TASK DETAILS: Every line below must be copied as written, except for pictures.

AVAILABLE DATA:
%%
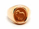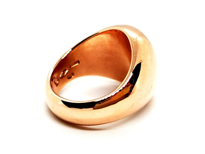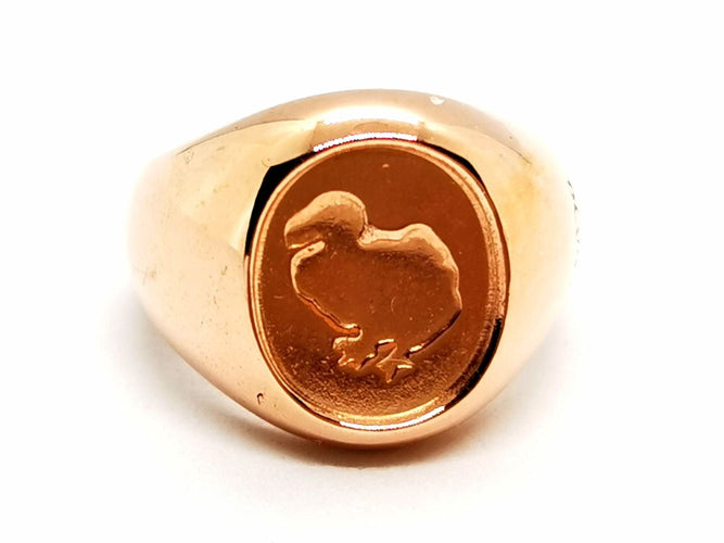 Signet ring, branded from the Dodo house Pomellato, in 385 thousandths (9 carat) pink gold, on top an oval tray enhanced with an engraved Dodo motif, Ring size: 48, width on top: 1.43 cm, total weight: 12.19 g, cloverleaf hallmark, excellent condition.
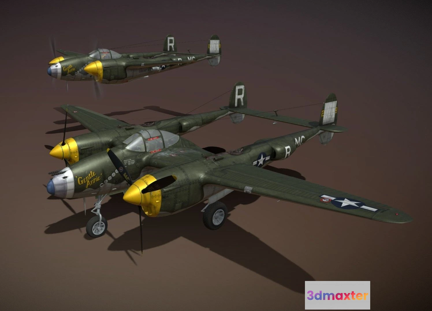 PBR Game 3D Models – Lockheed P 38 Lightning Gentle Annie 3D Max
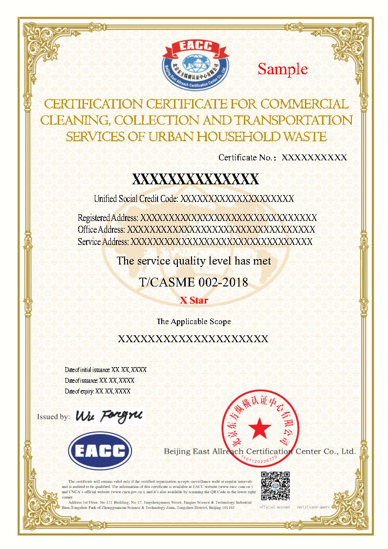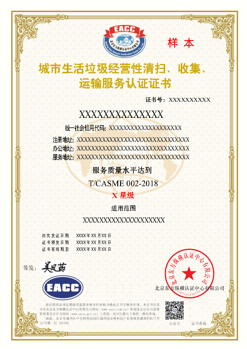 城市生活垃圾经营性清扫、收集、运输服务证书样本
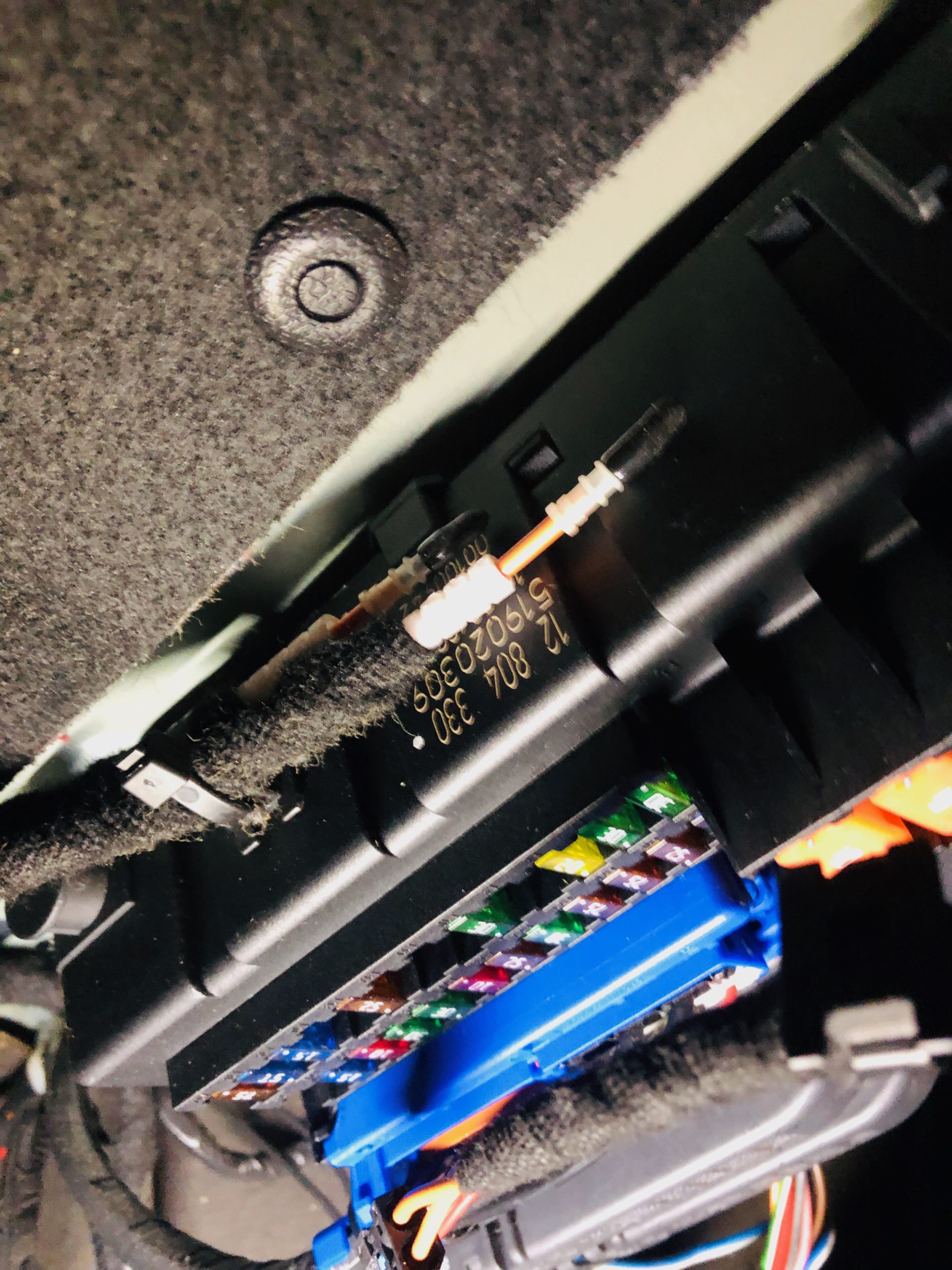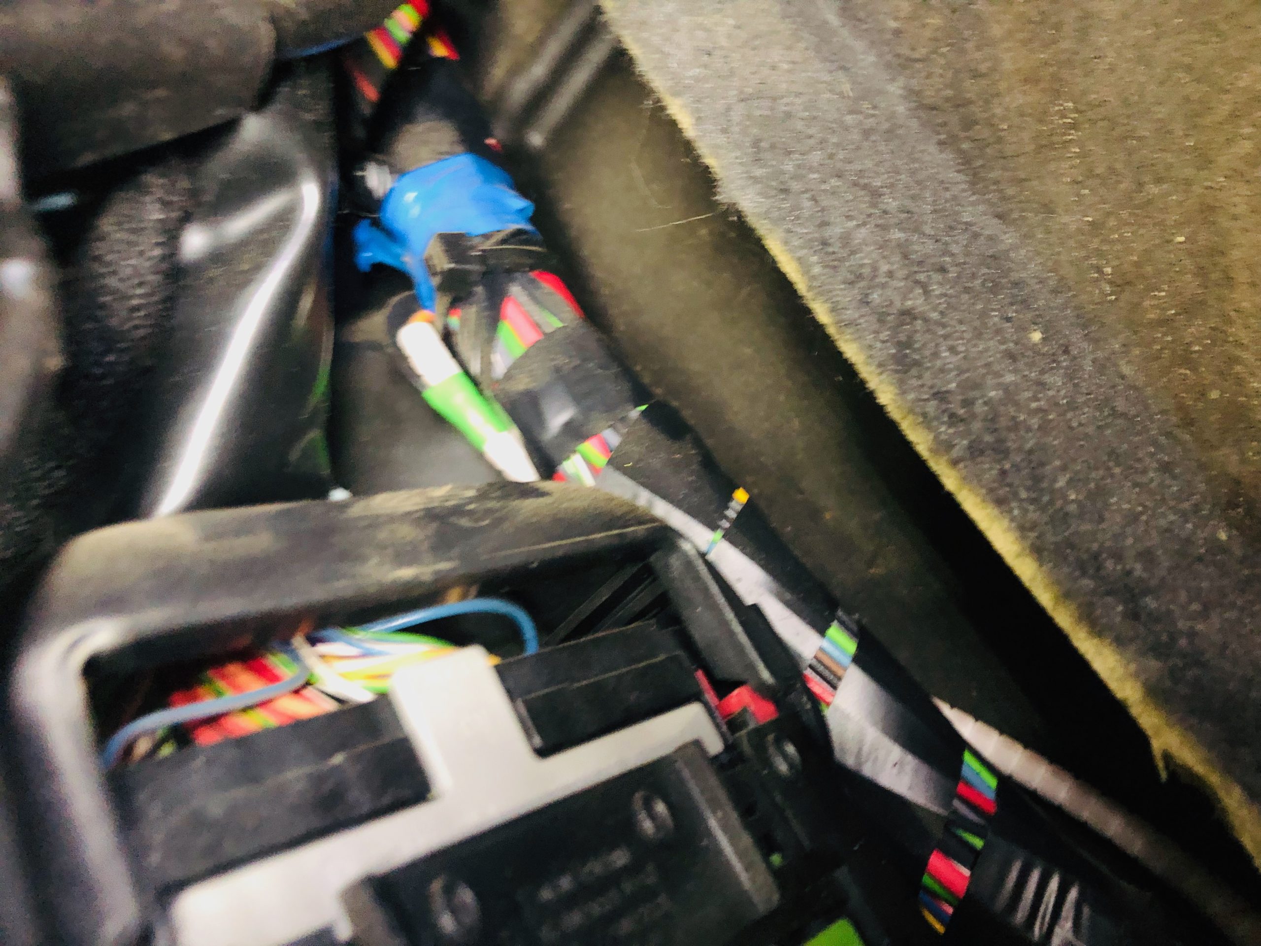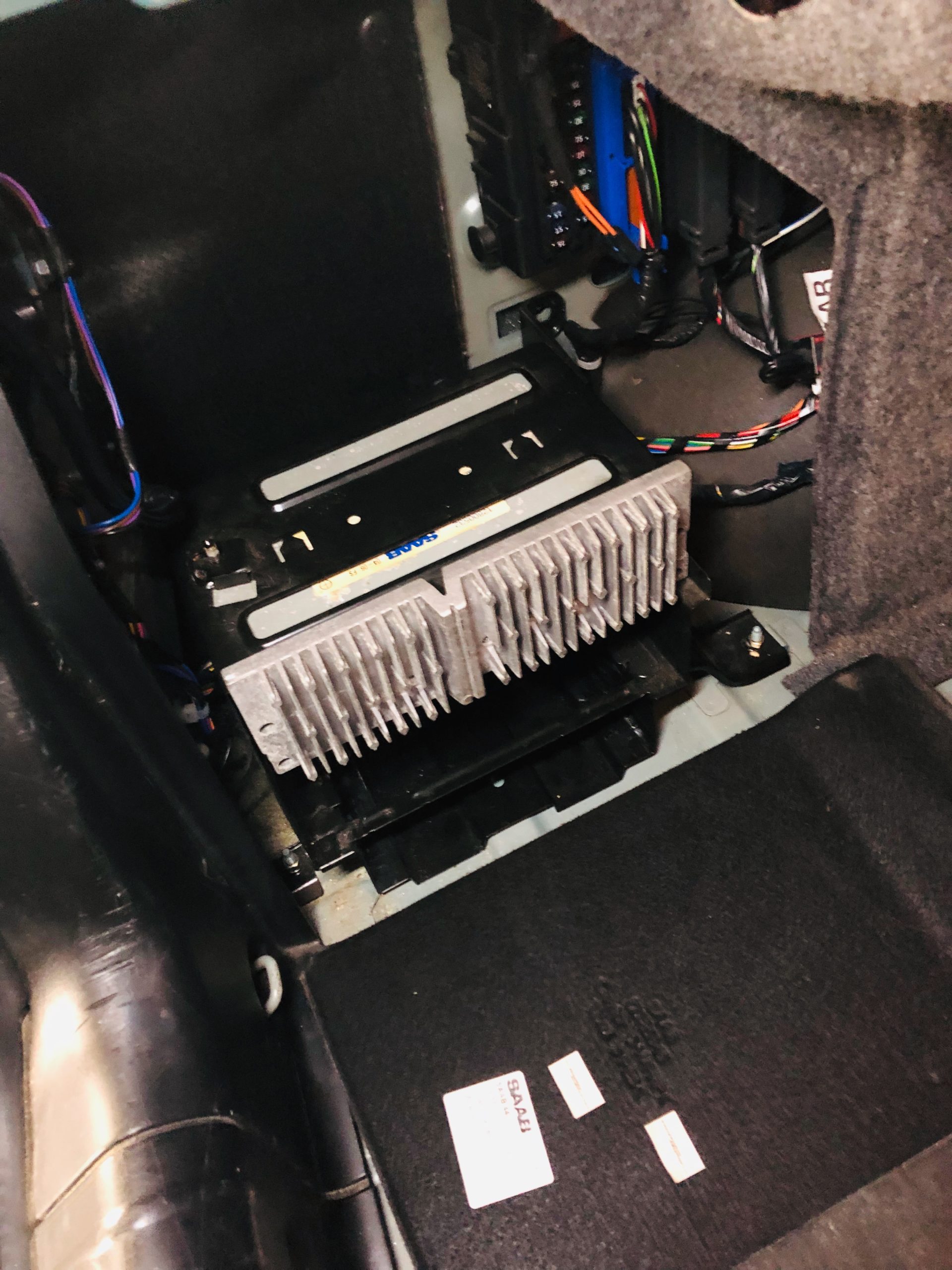 - odkręcamy fotel kierowcy (TX 45 czy 50mm – nie pamiętam) i odkręcamy/odpinamy wzmacniacz AMP1, podnosimy wykładzinę, tam także powinien być dodatkowy światłowód, również schowany w taśmie, idący od tyłu auta
%%
TASK RESULT:
 Signet ring, branded from the Dodo house Pomellato, in 385 thousandths (9 carat) pink gold, on top an oval tray enhanced with an engraved Dodo motif, Ring size: 48, width on top: 1.43 cm, total weight: 12.19 g, cloverleaf hallmark, excellent condition.
 PBR Game 3D Models – Lockheed P 38 Lightning Gentle Annie 3D Max
 城市生活垃圾经营性清扫、收集、运输服务证书样本
 - odkręcamy fotel kierowcy (TX 45 czy 50mm – nie pamiętam) i odkręcamy/odpinamy wzmacniacz AMP1, podnosimy wykładzinę, tam także powinien być dodatkowy światłowód, również schowany w taśmie, idący od tyłu auta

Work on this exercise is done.